▸ **ABOUT THIS EXERCISE**
Please write out exactly the lines of the data below from the line holding "一宝石秒兵指的是可以仅利用一" through the line holding "Silver Sequin Ball", and leave out the rest.
[RECORDS PROVIDED Boundary: Start]
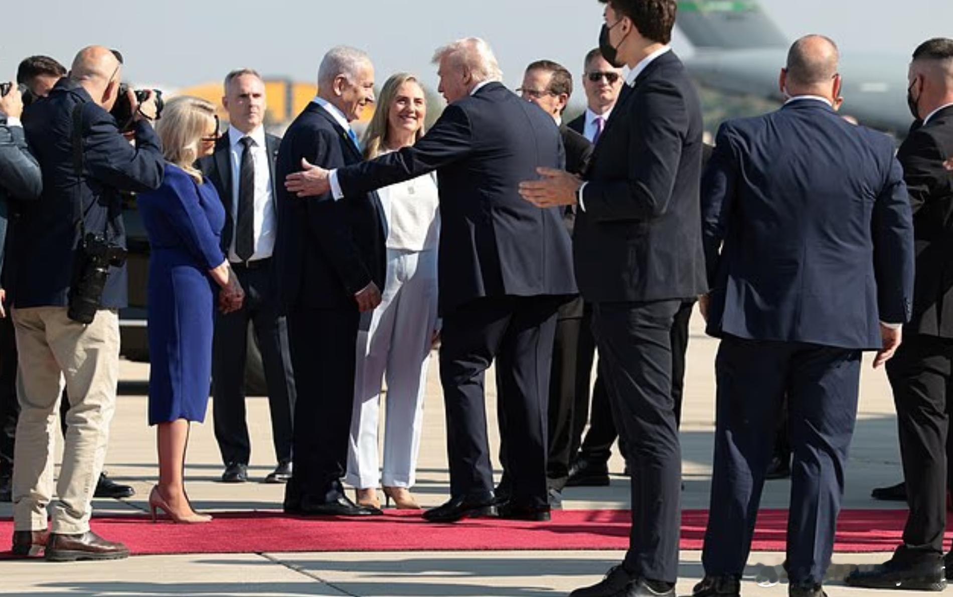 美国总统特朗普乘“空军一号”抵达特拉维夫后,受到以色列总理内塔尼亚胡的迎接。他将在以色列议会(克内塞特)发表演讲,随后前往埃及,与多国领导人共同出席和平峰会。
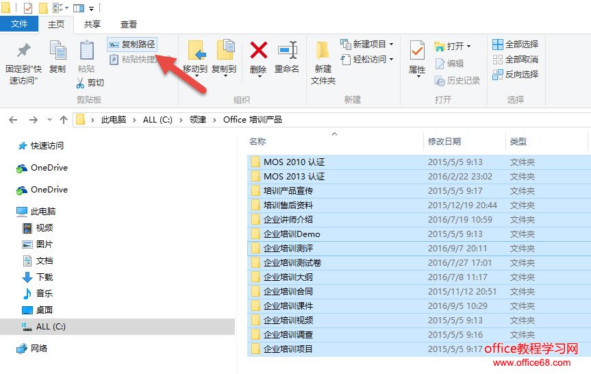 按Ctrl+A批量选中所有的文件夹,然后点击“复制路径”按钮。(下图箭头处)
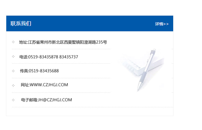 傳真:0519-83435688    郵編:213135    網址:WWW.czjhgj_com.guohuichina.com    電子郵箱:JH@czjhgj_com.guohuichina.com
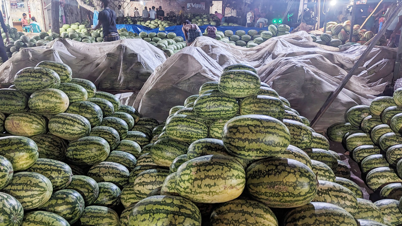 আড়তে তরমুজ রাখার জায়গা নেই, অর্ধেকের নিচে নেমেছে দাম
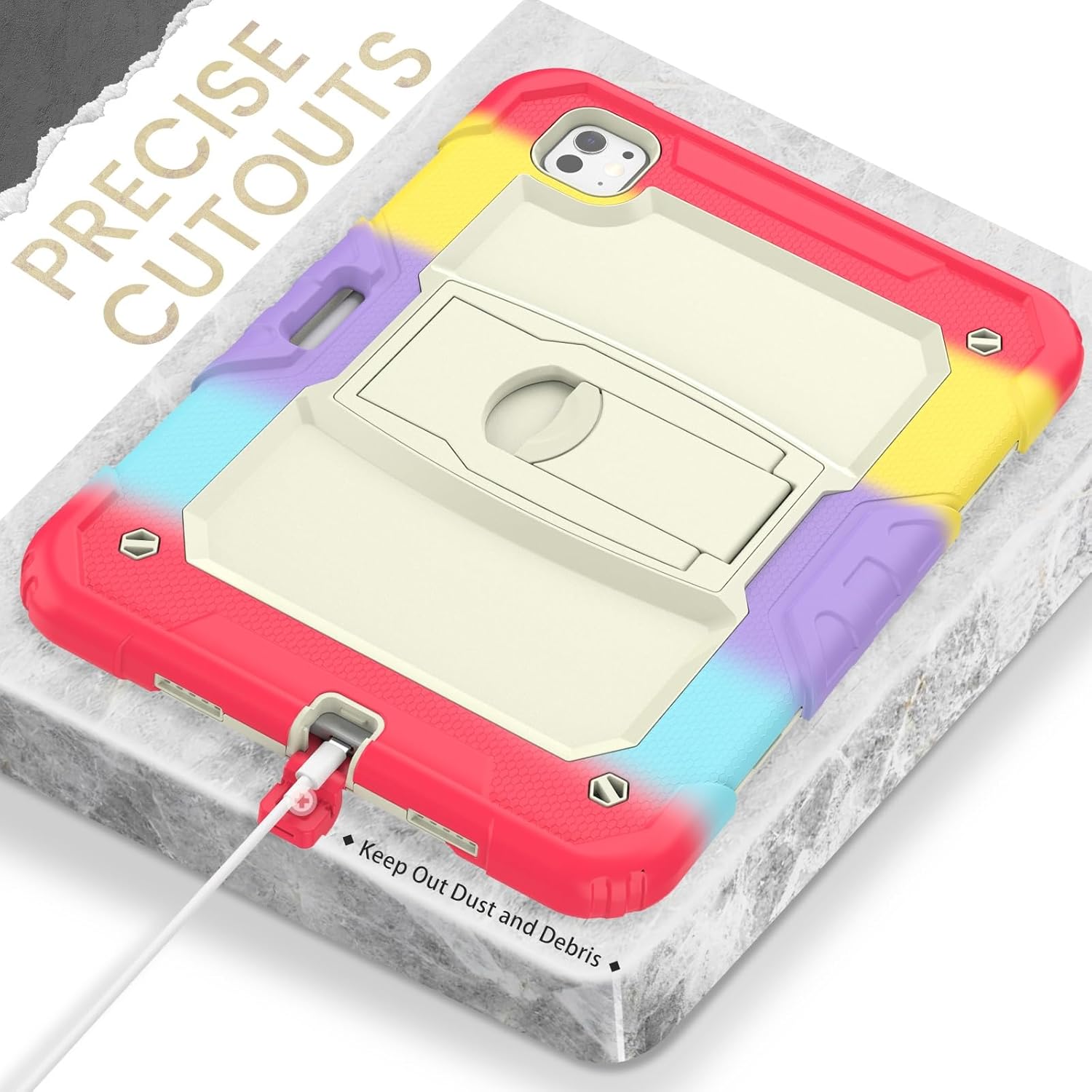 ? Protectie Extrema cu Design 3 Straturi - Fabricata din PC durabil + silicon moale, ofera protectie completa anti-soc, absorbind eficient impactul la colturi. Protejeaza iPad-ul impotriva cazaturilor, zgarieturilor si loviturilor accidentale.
[RECORDS PROVIDED Boundary: End]
[RECORDS PROVIDED Boundary: Start]
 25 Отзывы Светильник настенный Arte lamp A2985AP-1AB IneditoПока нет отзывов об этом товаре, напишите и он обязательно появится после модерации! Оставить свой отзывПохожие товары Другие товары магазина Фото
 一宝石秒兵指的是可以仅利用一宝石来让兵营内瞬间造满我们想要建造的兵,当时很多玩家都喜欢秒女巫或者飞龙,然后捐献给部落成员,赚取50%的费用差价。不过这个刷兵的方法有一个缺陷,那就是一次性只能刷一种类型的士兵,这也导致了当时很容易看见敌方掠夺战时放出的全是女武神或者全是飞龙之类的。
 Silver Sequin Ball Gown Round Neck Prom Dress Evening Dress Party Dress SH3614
[RECORDS PROVIDED Boundary: End]
[RECORDS PROVIDED Boundary: Start]
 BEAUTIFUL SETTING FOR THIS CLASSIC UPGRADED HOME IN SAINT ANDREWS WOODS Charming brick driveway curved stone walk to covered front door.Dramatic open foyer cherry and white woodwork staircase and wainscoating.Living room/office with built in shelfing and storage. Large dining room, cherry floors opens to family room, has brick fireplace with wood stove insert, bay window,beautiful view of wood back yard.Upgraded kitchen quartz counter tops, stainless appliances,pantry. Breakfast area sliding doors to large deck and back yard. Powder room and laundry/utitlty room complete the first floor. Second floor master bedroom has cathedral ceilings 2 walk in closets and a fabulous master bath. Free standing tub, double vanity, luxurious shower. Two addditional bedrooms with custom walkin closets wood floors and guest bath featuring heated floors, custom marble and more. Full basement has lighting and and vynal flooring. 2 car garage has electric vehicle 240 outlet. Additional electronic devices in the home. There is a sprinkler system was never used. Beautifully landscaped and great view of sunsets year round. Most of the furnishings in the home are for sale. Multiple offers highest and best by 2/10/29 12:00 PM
[RECORDS PROVIDED Boundary: End]
▸ **OUTPUT FOR THIS EXERCISE**
 一宝石秒兵指的是可以仅利用一宝石来让兵营内瞬间造满我们想要建造的兵,当时很多玩家都喜欢秒女巫或者飞龙,然后捐献给部落成员,赚取50%的费用差价。不过这个刷兵的方法有一个缺陷,那就是一次性只能刷一种类型的士兵,这也导致了当时很容易看见敌方掠夺战时放出的全是女武神或者全是飞龙之类的。
 Silver Sequin Ball Gown Round Neck Prom Dress Evening Dress Party Dress SH3614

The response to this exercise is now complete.